GOAL OF THE EXERCISE:
Below this line are records; write out exactly the lines from the one containing "Ниже представлены списки" through the one containing "Les ferrures coplanaires", with the pictures left out.

SOURCE MATERIAL below:

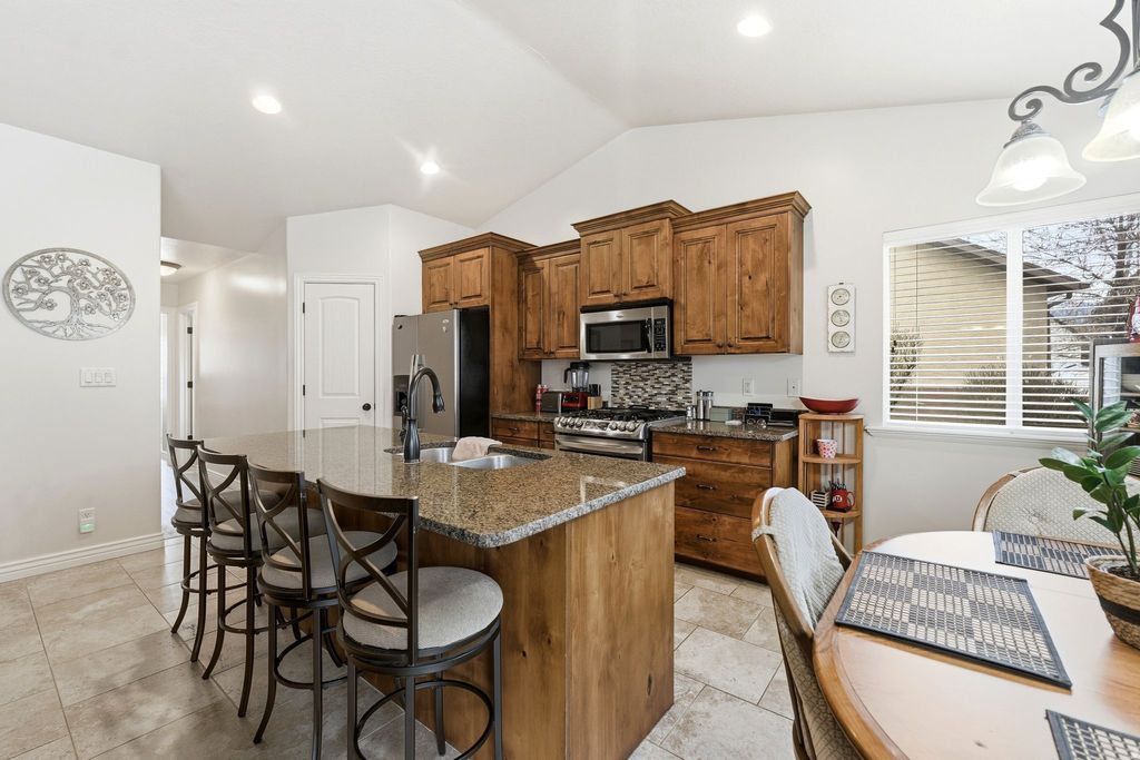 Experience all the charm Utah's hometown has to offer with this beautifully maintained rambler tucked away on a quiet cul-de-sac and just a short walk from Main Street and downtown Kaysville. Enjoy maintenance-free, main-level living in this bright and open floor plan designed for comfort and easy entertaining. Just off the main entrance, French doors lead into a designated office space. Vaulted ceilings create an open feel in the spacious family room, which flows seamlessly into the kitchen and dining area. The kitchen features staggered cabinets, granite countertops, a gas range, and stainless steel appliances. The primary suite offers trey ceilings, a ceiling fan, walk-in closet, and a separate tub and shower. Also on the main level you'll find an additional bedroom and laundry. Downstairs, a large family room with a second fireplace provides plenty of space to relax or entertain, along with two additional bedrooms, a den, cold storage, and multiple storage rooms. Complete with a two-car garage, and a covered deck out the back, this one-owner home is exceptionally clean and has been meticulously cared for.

End of SOURCE MATERIAL.
SOURCE MATERIAL below:

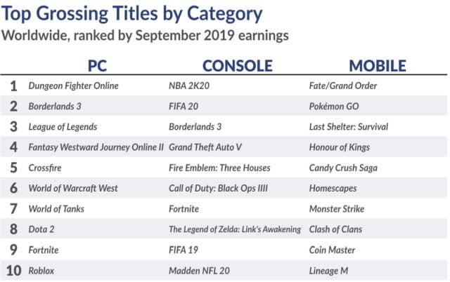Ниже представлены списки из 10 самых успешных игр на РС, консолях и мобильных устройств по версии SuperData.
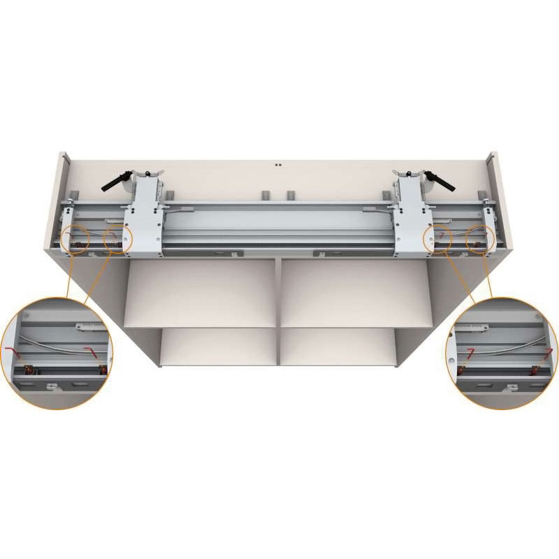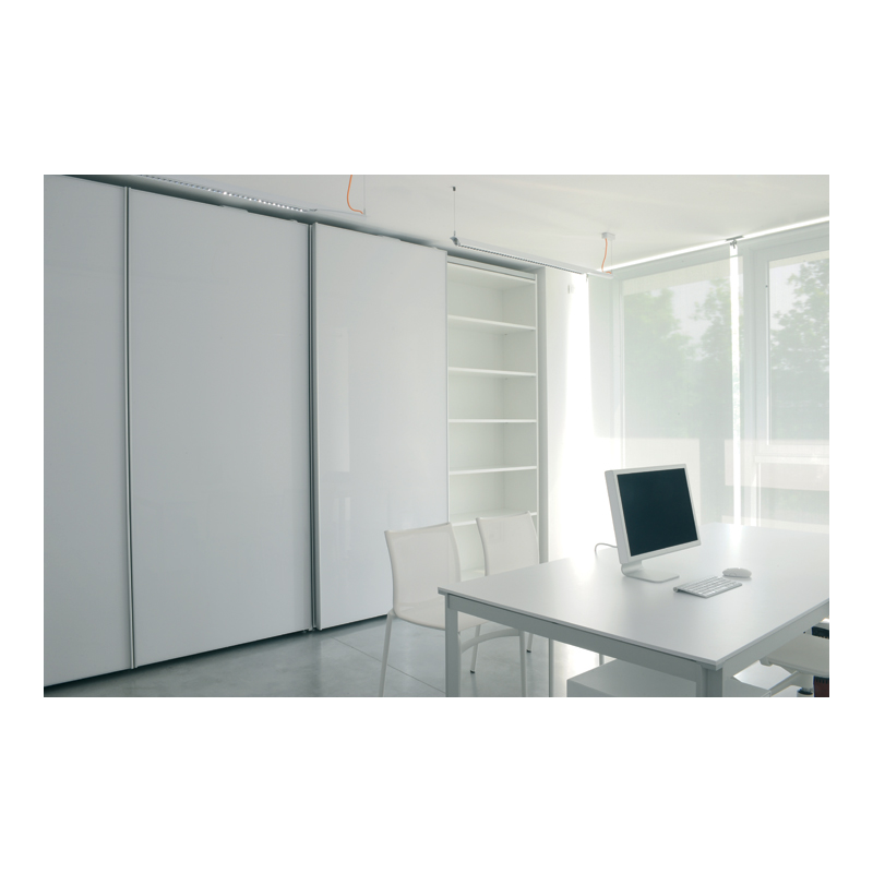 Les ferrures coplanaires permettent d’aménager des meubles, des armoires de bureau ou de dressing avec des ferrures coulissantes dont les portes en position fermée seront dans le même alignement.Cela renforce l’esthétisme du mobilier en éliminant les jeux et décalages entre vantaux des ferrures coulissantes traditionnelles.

End of SOURCE MATERIAL.
SOURCE MATERIAL below:

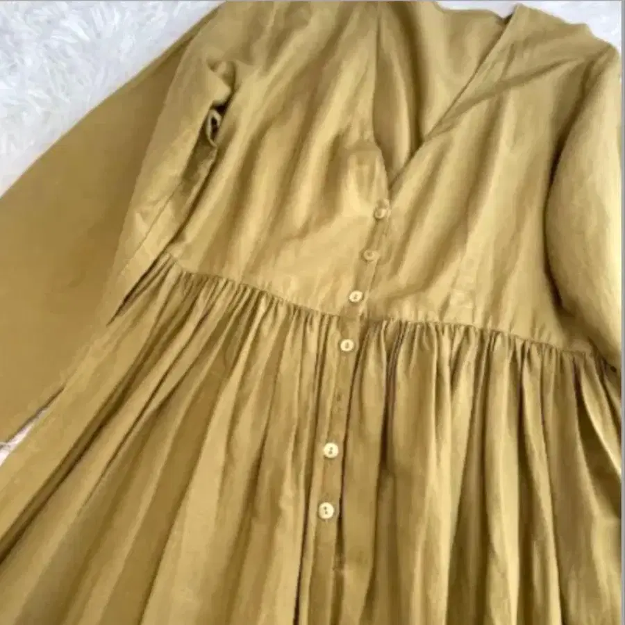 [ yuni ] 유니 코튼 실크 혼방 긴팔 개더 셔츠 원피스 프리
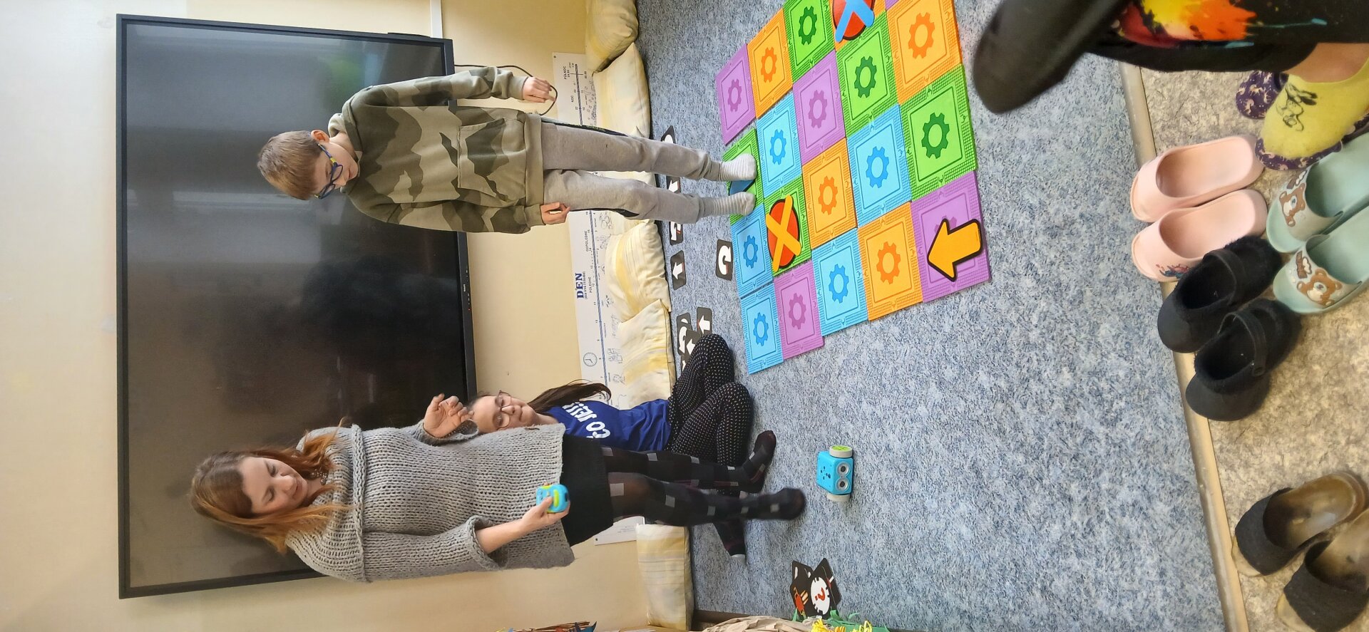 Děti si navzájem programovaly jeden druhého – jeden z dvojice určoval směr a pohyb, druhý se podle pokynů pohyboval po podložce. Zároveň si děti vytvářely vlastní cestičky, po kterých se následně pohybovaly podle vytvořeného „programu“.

End of SOURCE MATERIAL.

EXERCISE SOLUTION:
Ниже представлены списки из 10 самых успешных игр на РС, консолях и мобильных устройств по версии SuperData.
 Les ferrures coplanaires permettent d’aménager des meubles, des armoires de bureau ou de dressing avec des ferrures coulissantes dont les portes en position fermée seront dans le même alignement.Cela renforce l’esthétisme du mobilier en éliminant les jeux et décalages entre vantaux des ferrures coulissantes traditionnelles.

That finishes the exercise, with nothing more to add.